▶ _Work request_
Copy out each line containing "This" from the entries below.

▶ _Given data_
+-------+

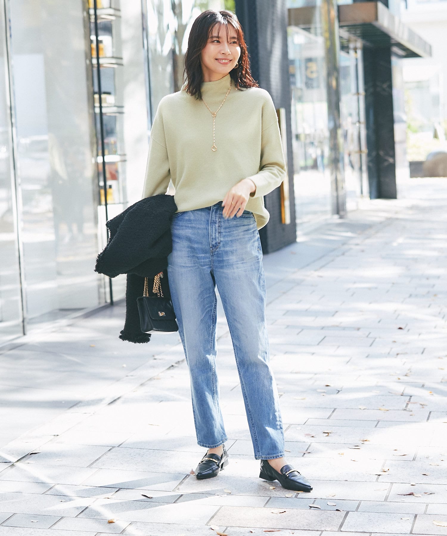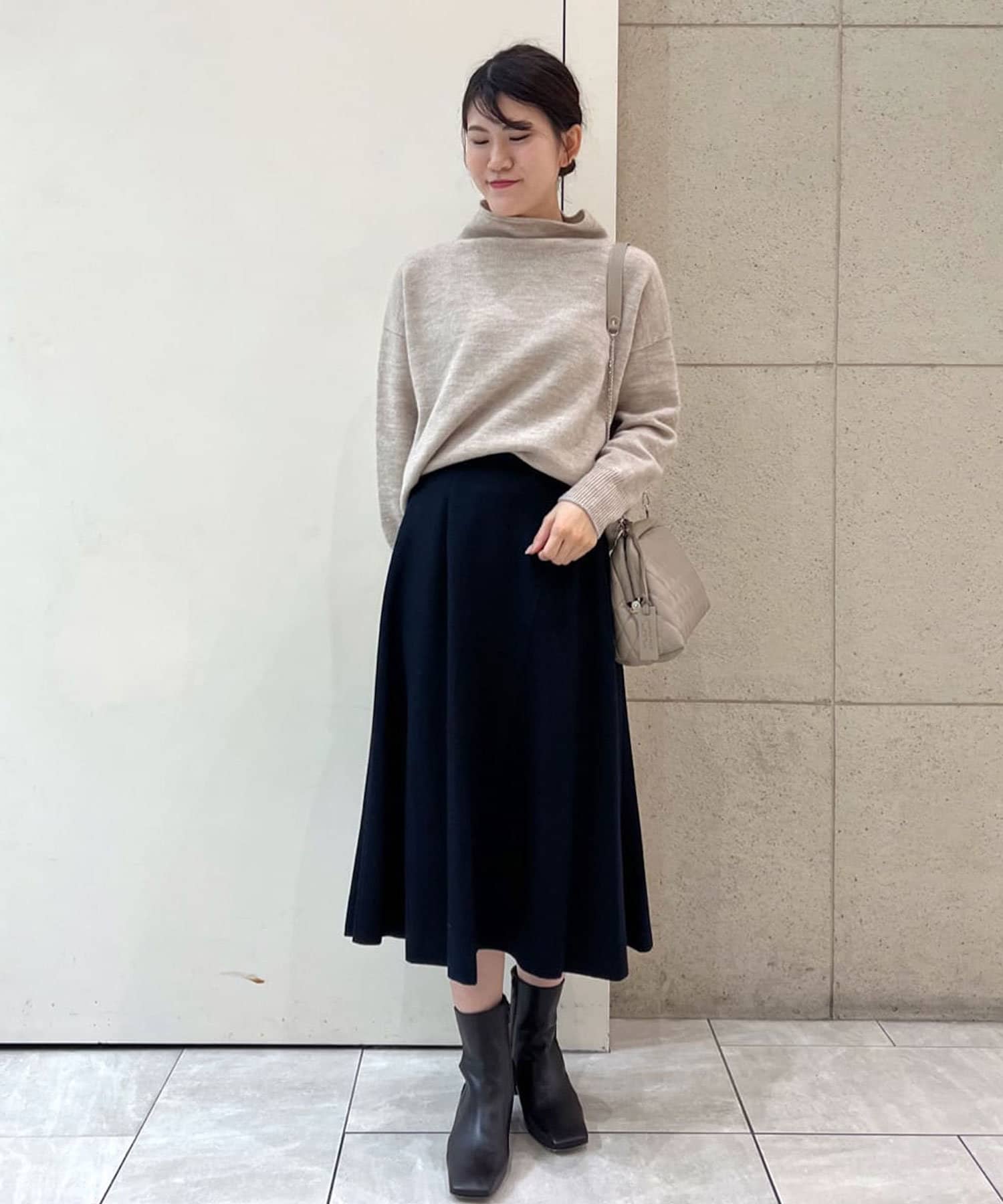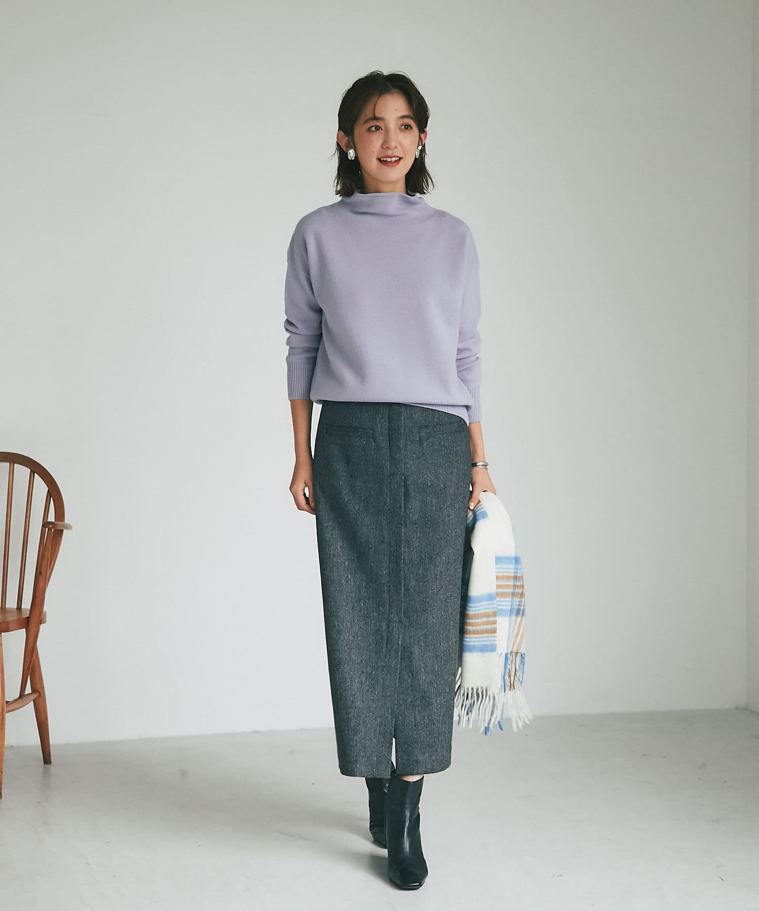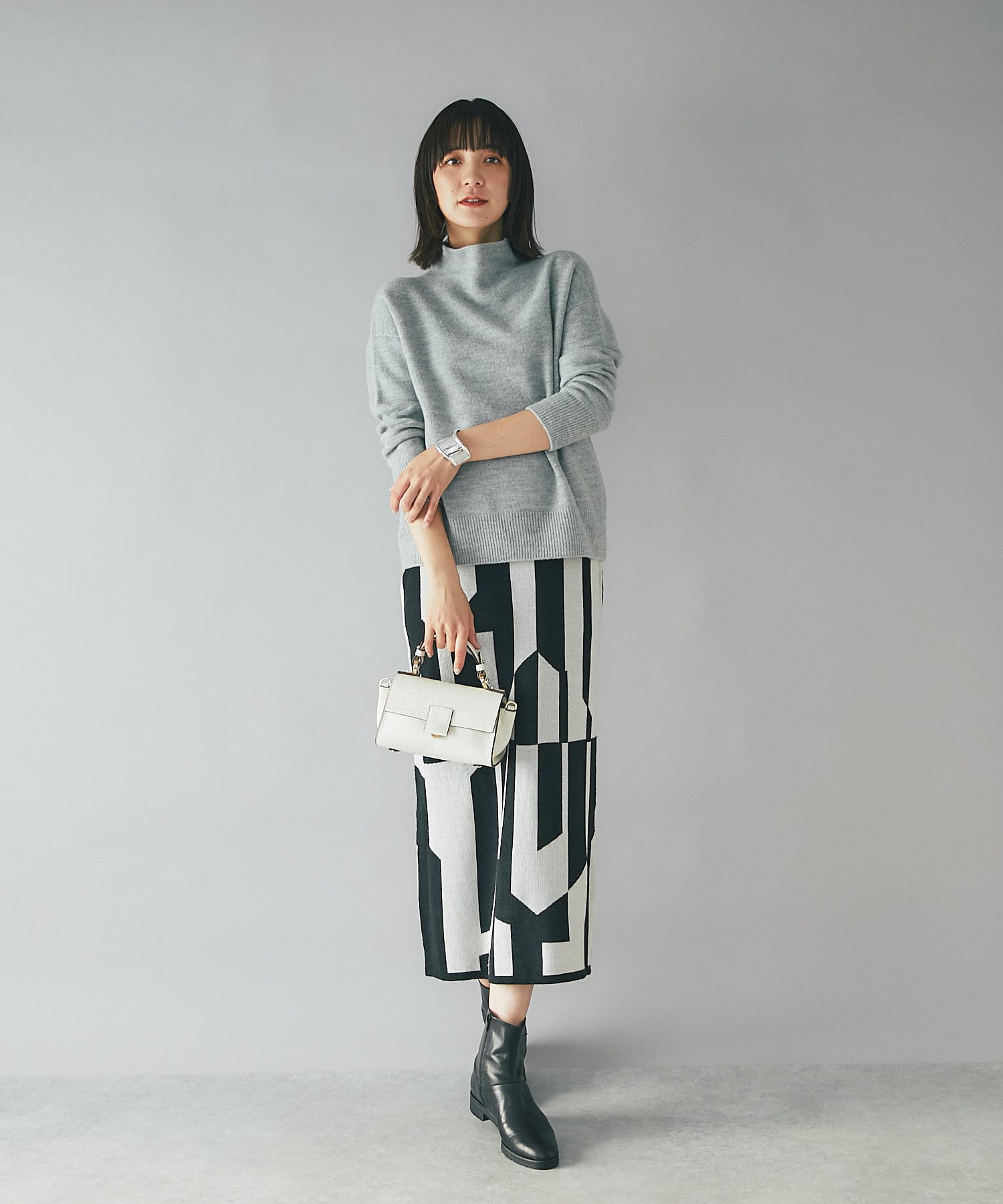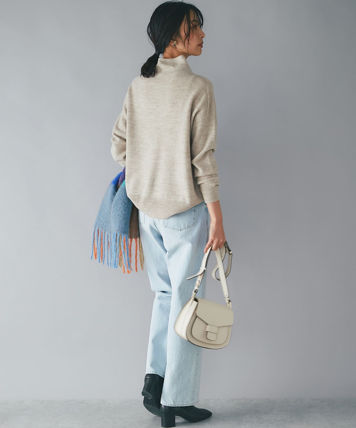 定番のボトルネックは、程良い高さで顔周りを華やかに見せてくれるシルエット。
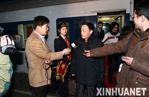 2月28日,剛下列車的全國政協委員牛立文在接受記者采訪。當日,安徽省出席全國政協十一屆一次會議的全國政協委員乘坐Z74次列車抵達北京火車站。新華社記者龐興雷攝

+-------+

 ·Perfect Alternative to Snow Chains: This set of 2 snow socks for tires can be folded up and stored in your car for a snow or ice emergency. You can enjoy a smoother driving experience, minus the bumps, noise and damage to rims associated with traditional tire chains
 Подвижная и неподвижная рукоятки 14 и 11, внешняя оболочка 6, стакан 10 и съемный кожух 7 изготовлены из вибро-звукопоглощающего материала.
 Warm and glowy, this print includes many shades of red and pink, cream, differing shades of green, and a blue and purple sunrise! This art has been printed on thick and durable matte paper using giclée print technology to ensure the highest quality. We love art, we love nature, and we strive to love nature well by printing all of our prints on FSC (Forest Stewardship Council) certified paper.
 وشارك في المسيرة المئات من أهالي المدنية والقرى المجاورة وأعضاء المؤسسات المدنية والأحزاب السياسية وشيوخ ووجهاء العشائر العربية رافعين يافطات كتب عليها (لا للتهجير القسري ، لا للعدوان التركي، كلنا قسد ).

+-------+

▶ _Exercise output_
 ·Perfect Alternative to Snow Chains: This set of 2 snow socks for tires can be folded up and stored in your car for a snow or ice emergency. You can enjoy a smoother driving experience, minus the bumps, noise and damage to rims associated with traditional tire chains
 Warm and glowy, this print includes many shades of red and pink, cream, differing shades of green, and a blue and purple sunrise! This art has been printed on thick and durable matte paper using giclée print technology to ensure the highest quality. We love art, we love nature, and we strive to love nature well by printing all of our prints on FSC (Forest Stewardship Council) certified paper.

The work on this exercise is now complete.